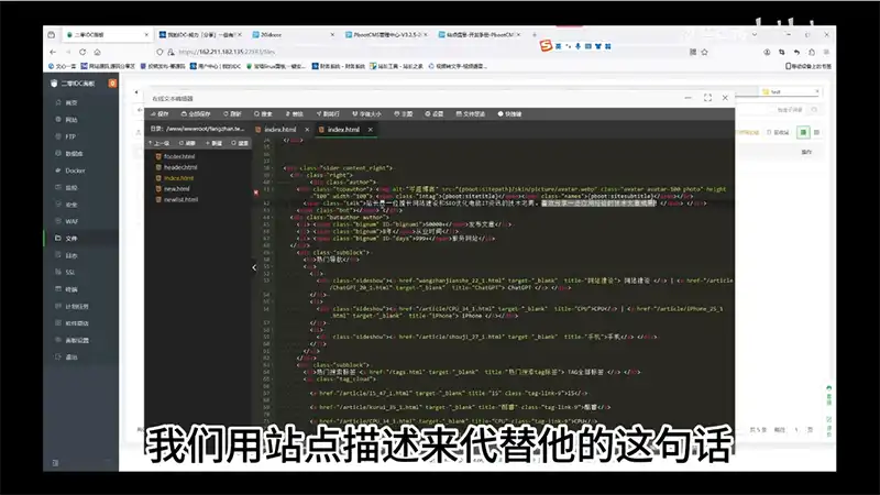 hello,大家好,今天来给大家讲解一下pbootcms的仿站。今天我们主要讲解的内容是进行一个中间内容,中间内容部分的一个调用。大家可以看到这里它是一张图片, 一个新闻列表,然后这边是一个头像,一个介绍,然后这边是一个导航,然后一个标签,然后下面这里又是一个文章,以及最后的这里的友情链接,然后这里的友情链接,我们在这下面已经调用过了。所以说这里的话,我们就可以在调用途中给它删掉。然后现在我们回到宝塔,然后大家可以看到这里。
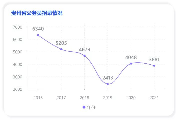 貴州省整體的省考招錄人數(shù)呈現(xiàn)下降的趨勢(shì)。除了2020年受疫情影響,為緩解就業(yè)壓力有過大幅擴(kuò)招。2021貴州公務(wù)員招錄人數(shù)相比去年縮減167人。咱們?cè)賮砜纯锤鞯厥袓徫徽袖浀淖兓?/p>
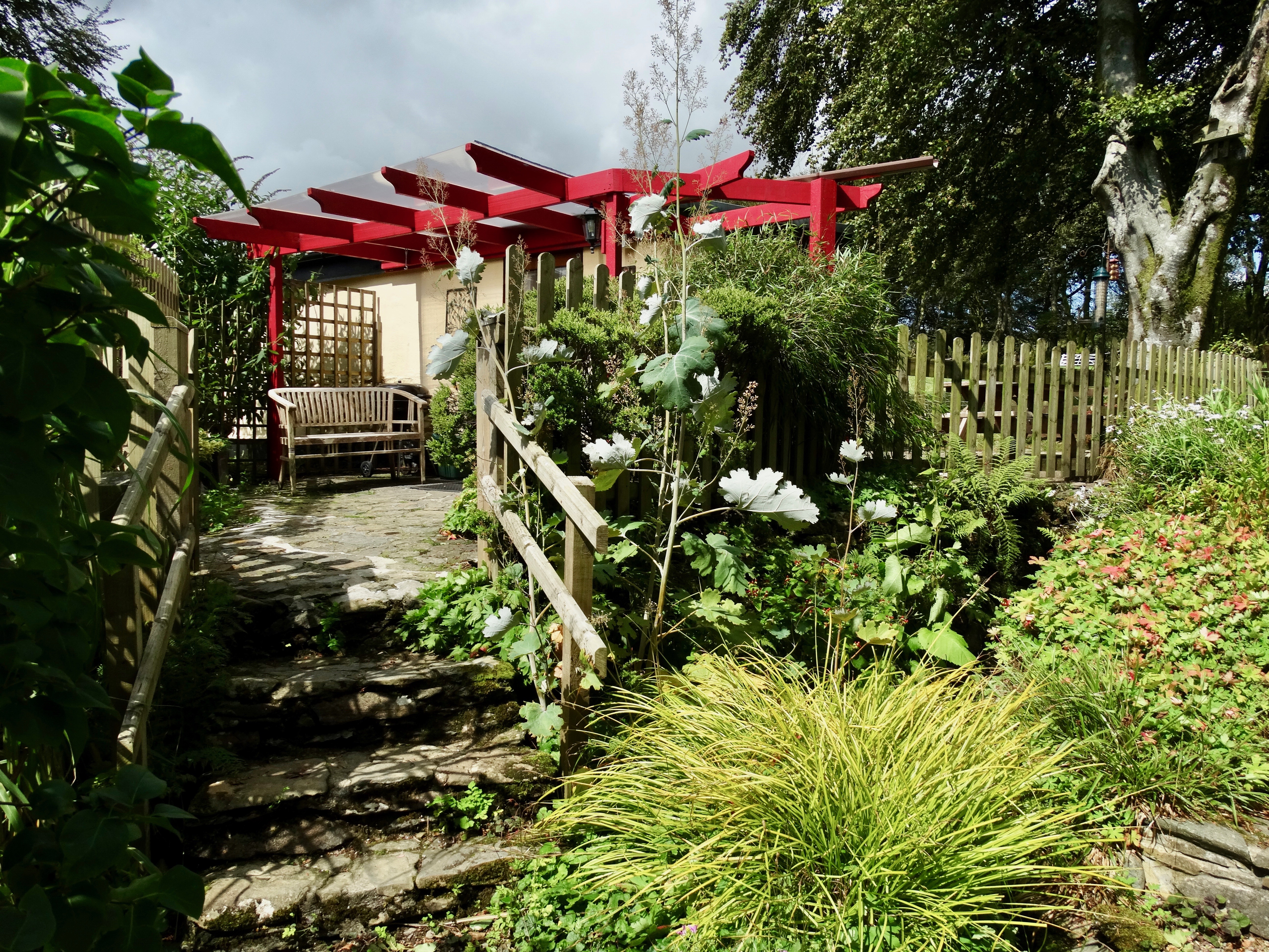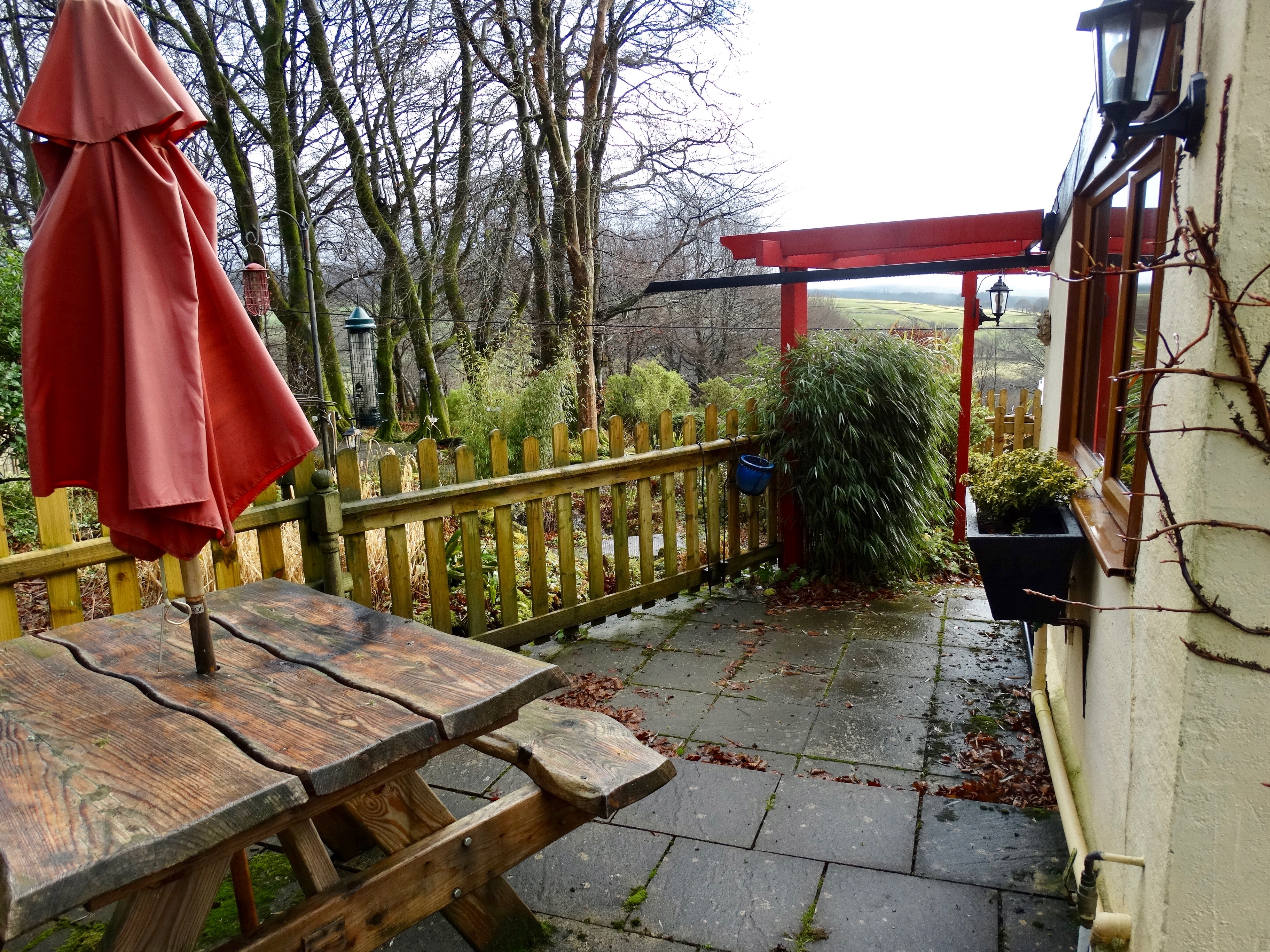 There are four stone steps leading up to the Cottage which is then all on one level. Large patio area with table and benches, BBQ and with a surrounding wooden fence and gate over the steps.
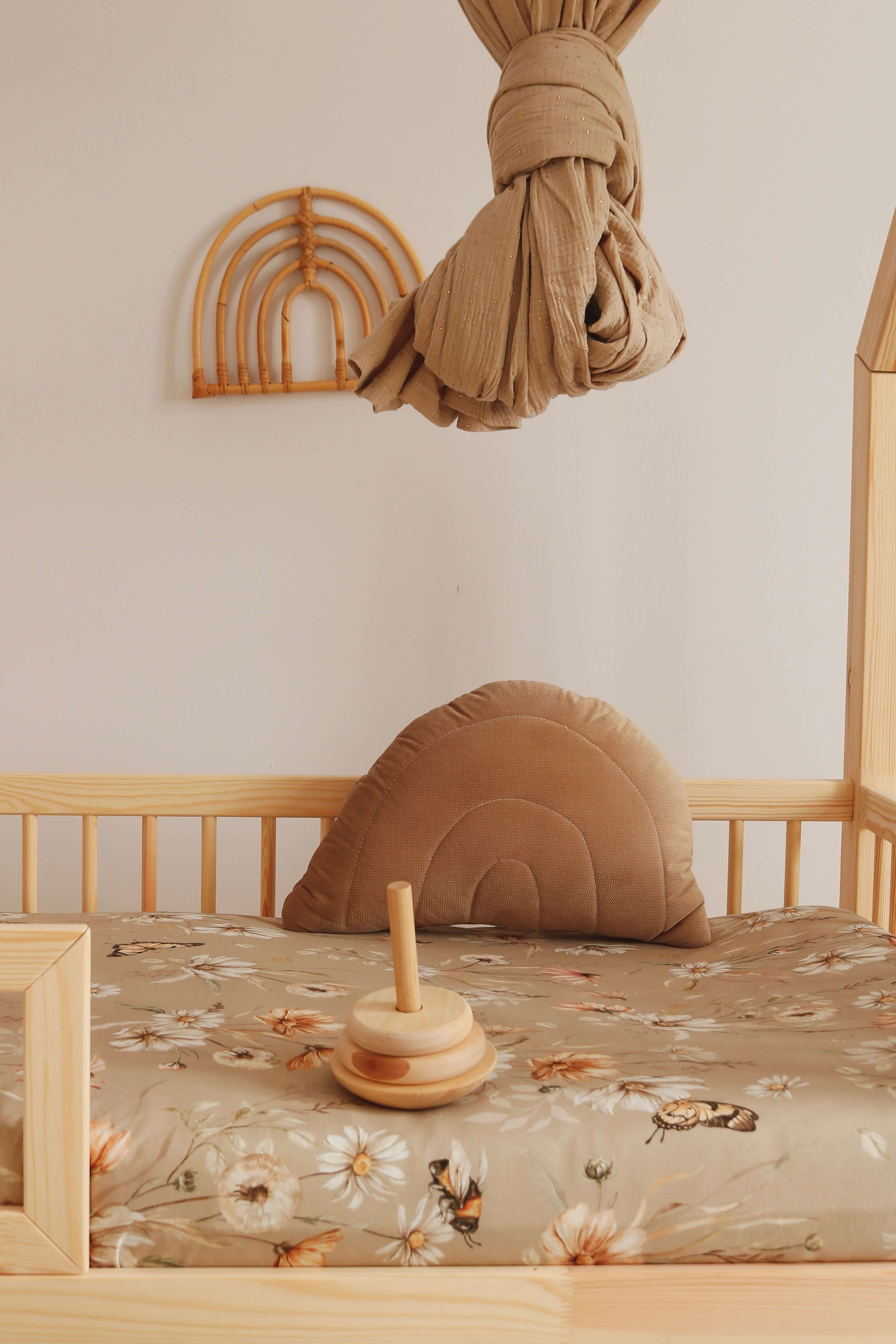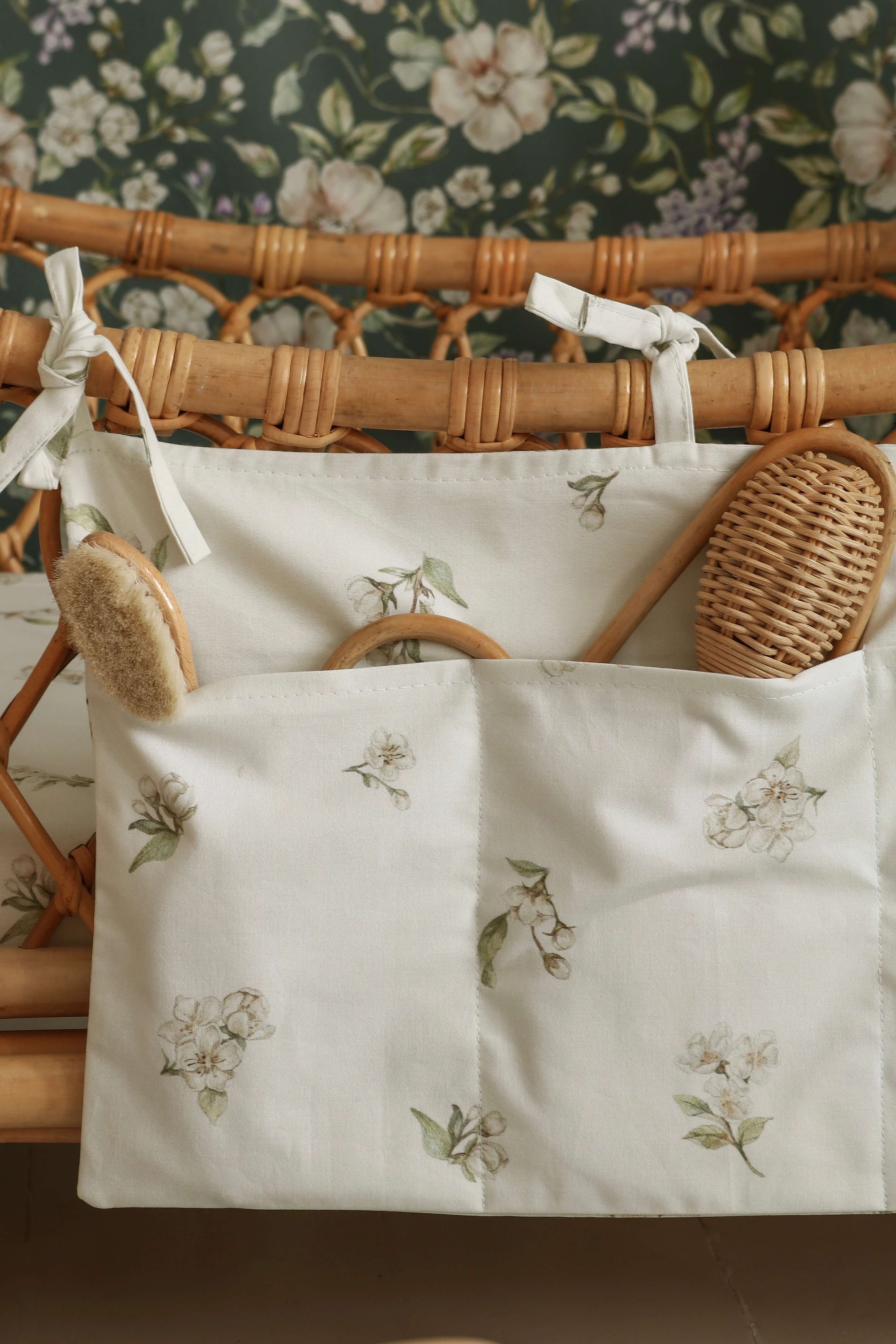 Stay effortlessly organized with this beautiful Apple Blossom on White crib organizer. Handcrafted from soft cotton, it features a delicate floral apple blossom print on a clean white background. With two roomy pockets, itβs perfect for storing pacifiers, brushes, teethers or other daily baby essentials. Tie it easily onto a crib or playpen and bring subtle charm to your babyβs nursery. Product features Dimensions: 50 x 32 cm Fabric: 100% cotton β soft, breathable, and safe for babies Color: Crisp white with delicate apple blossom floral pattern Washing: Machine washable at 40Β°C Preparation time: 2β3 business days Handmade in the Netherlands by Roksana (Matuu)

Exercise brief: The data above is to be printed exactly, all of it, except for the pictures.

Answer to this exercise:
 hello,大家好,今天来给大家讲解一下pbootcms的仿站。今天我们主要讲解的内容是进行一个中间内容,中间内容部分的一个调用。大家可以看到这里它是一张图片, 一个新闻列表,然后这边是一个头像,一个介绍,然后这边是一个导航,然后一个标签,然后下面这里又是一个文章,以及最后的这里的友情链接,然后这里的友情链接,我们在这下面已经调用过了。所以说这里的话,我们就可以在调用途中给它删掉。然后现在我们回到宝塔,然后大家可以看到这里。
 貴州省整體的省考招錄人數(shù)呈現(xiàn)下降的趨勢(shì)。除了2020年受疫情影響,為緩解就業(yè)壓力有過大幅擴(kuò)招。2021貴州公務(wù)員招錄人數(shù)相比去年縮減167人。咱們?cè)賮砜纯锤鞯厥袓徫徽袖浀淖兓?/p>
 There are four stone steps leading up to the Cottage which is then all on one level. Large patio area with table and benches, BBQ and with a surrounding wooden fence and gate over the steps.
 Stay effortlessly organized with this beautiful Apple Blossom on White crib organizer. Handcrafted from soft cotton, it features a delicate floral apple blossom print on a clean white background. With two roomy pockets, itβs perfect for storing pacifiers, brushes, teethers or other daily baby essentials. Tie it easily onto a crib or playpen and bring subtle charm to your babyβs nursery. Product features Dimensions: 50 x 32 cm Fabric: 100% cotton β soft, breathable, and safe for babies Color: Crisp white with delicate apple blossom floral pattern Washing: Machine washable at 40Β°C Preparation time: 2β3 business days Handmade in the Netherlands by Roksana (Matuu)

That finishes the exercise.